ASSIGNMENT
In the material below, find the line containing "LUBIE Dompet Lipat" and the line containing "Intarsia knit beanie". Output those two lines and all lines between them exactly, without pictures.

DATA TO PROCESS

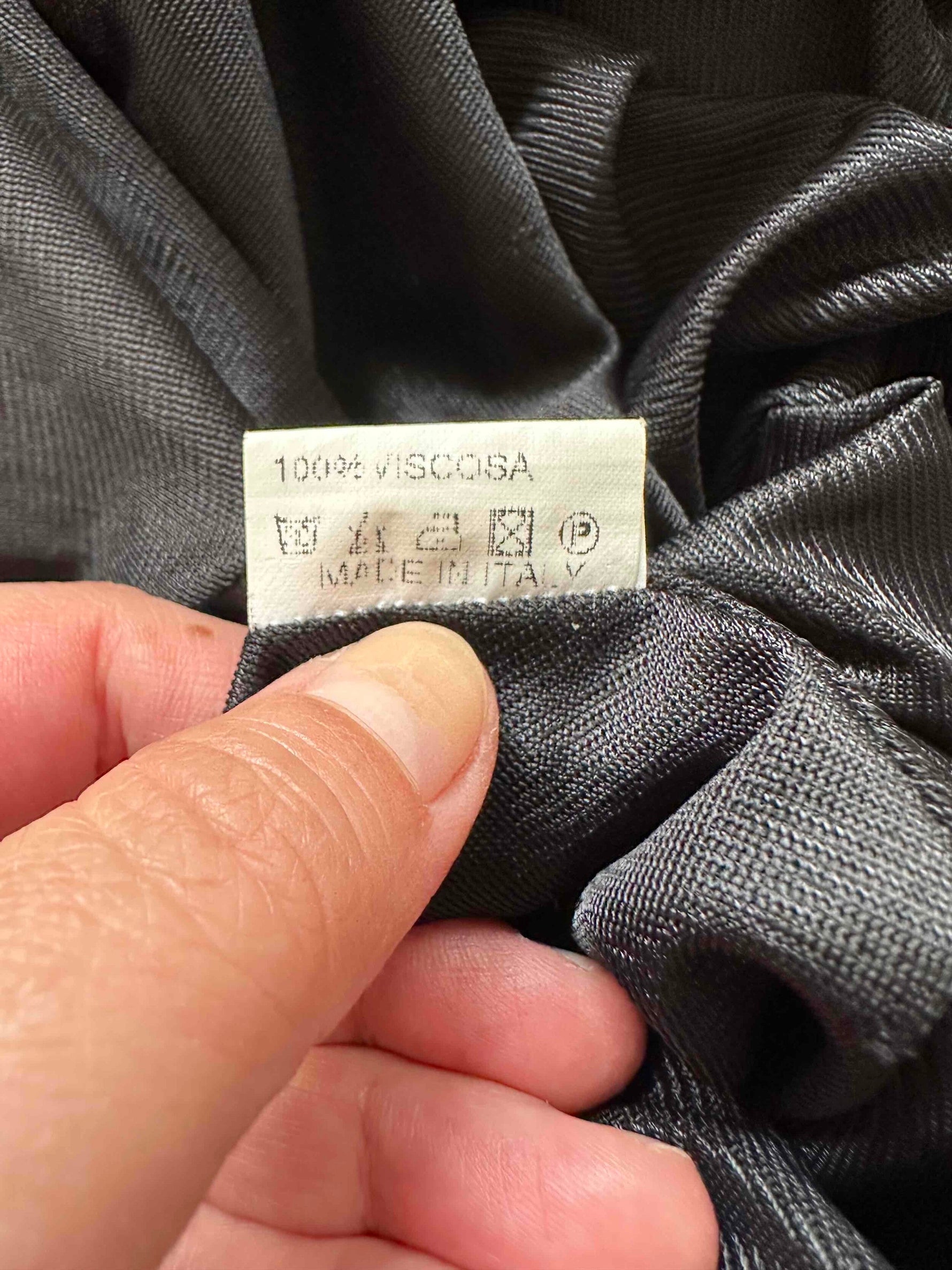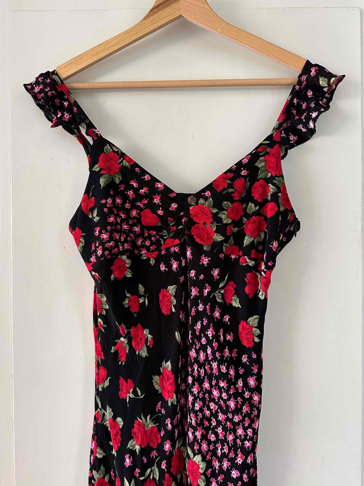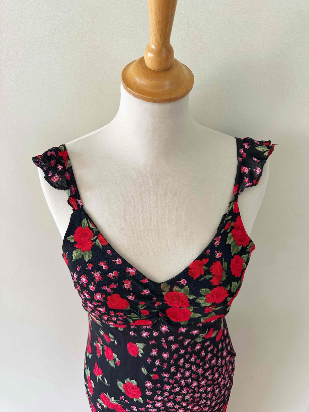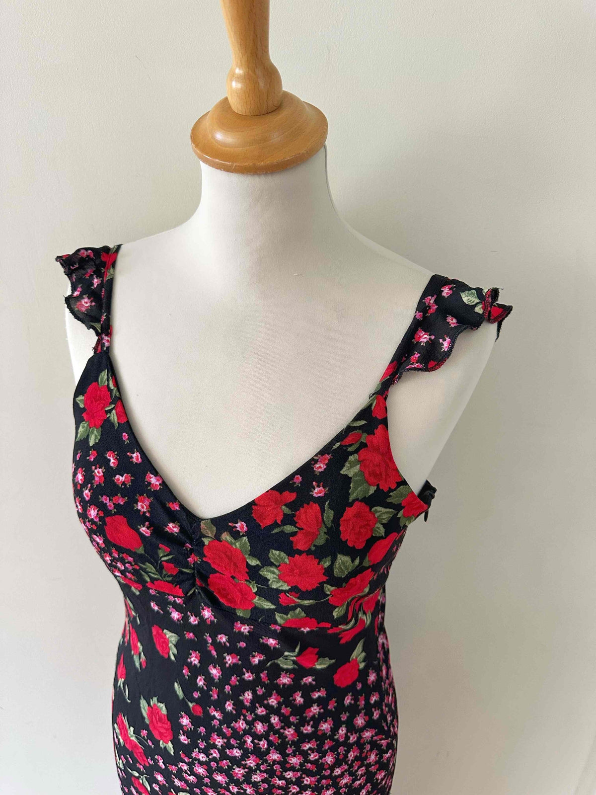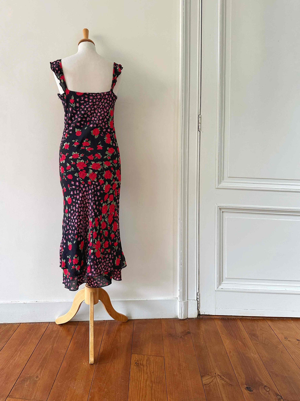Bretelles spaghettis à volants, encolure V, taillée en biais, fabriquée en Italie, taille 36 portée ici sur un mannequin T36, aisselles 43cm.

==

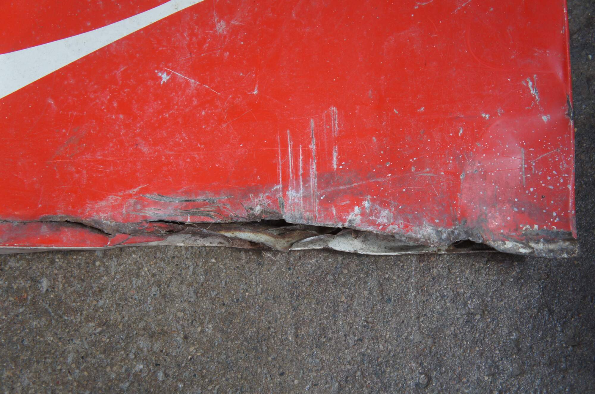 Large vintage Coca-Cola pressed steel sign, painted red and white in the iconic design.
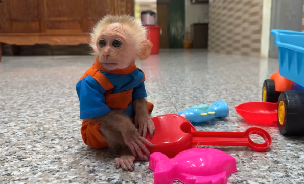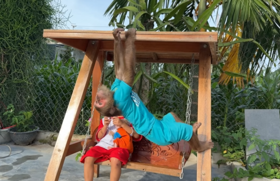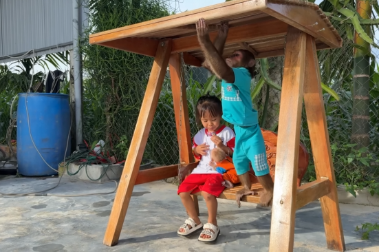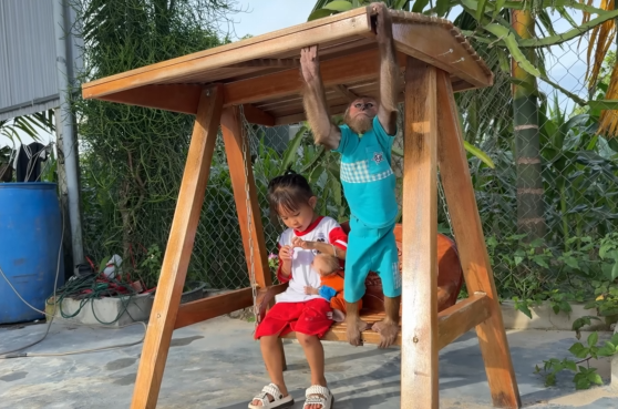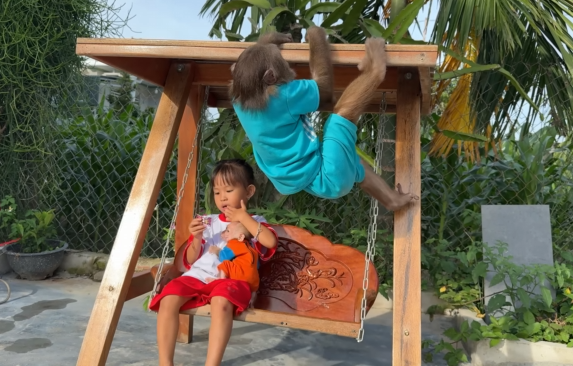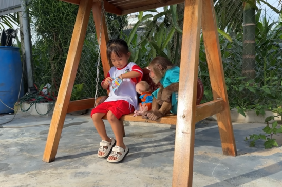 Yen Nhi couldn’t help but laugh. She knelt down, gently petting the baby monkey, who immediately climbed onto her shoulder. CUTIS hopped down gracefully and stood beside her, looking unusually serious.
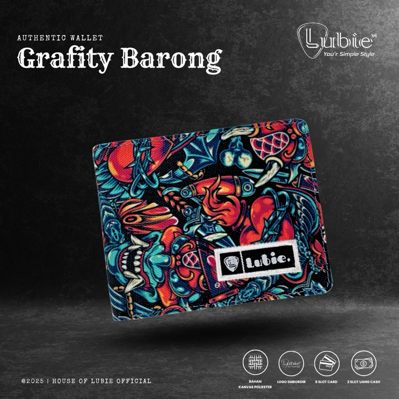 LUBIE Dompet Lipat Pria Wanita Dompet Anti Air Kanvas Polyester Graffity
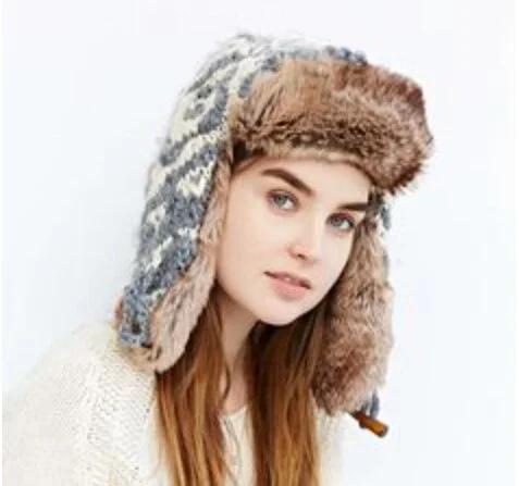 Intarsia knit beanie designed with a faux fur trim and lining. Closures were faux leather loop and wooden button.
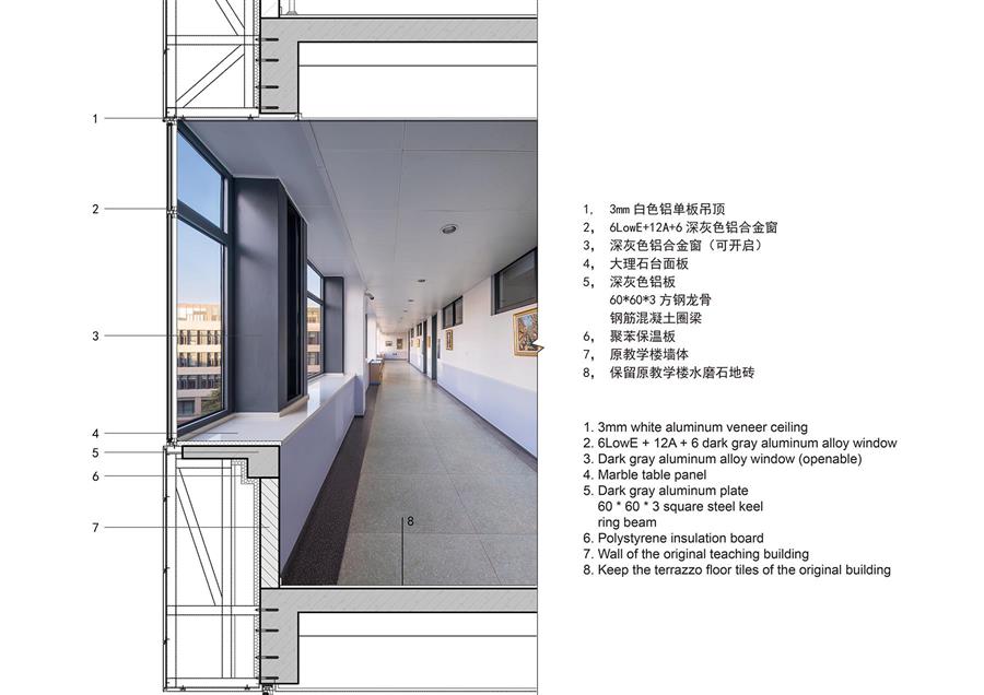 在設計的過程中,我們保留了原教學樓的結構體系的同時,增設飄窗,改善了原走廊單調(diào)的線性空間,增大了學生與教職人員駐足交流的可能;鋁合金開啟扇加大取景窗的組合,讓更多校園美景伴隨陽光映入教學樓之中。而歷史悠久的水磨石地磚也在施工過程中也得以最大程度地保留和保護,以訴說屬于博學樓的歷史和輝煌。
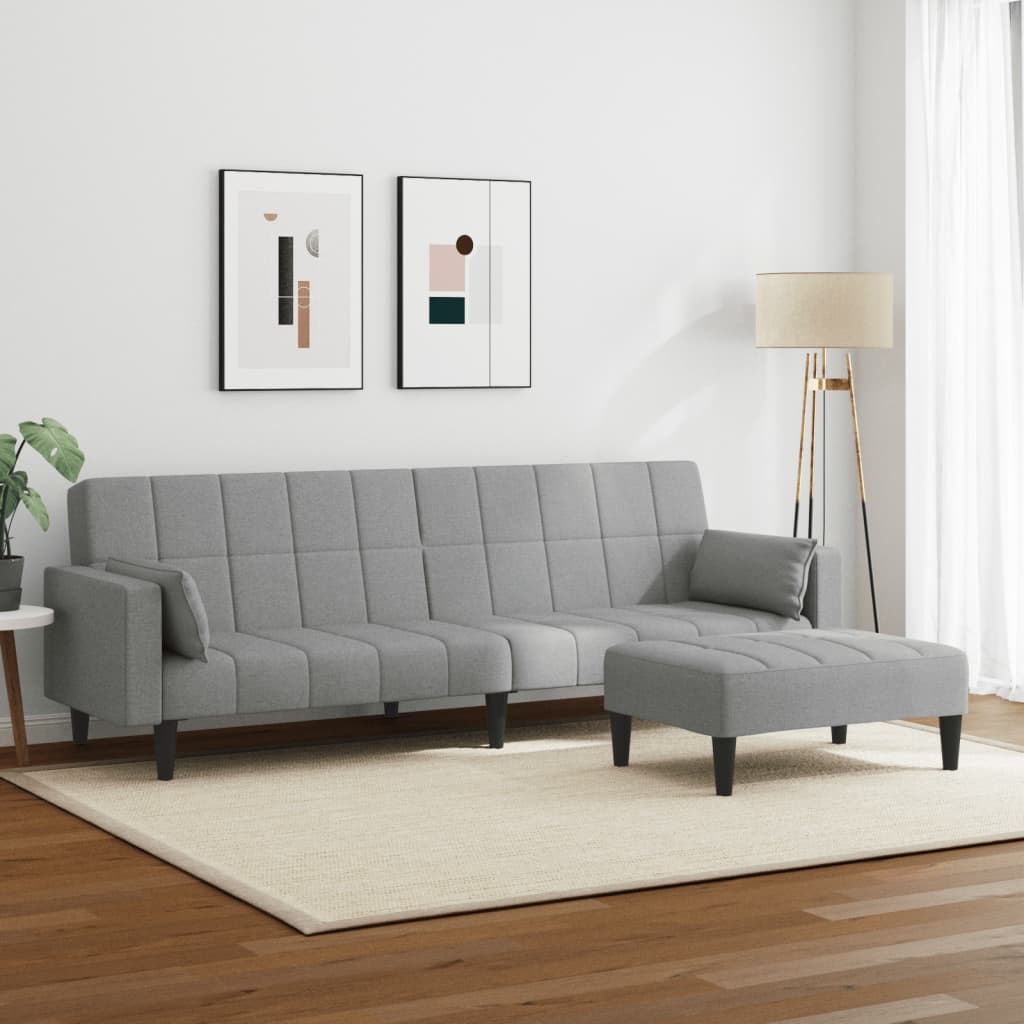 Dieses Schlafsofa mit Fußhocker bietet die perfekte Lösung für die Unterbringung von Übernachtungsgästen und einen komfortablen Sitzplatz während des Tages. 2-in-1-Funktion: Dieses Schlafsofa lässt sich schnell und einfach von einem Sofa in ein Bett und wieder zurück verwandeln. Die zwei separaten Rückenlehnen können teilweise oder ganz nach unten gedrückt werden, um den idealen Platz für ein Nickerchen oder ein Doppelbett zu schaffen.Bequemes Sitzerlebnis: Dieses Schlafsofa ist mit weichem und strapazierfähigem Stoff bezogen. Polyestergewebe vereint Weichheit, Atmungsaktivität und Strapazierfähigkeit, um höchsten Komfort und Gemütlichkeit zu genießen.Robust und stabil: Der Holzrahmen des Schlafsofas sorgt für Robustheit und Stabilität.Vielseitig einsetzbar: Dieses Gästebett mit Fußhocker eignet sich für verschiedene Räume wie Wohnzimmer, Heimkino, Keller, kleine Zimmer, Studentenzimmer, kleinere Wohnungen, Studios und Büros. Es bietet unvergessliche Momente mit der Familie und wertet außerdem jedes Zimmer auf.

ANSWER TO THIS PROBLEM
 LUBIE Dompet Lipat Pria Wanita Dompet Anti Air Kanvas Polyester Graffity
 Intarsia knit beanie designed with a faux fur trim and lining. Closures were faux leather loop and wooden button.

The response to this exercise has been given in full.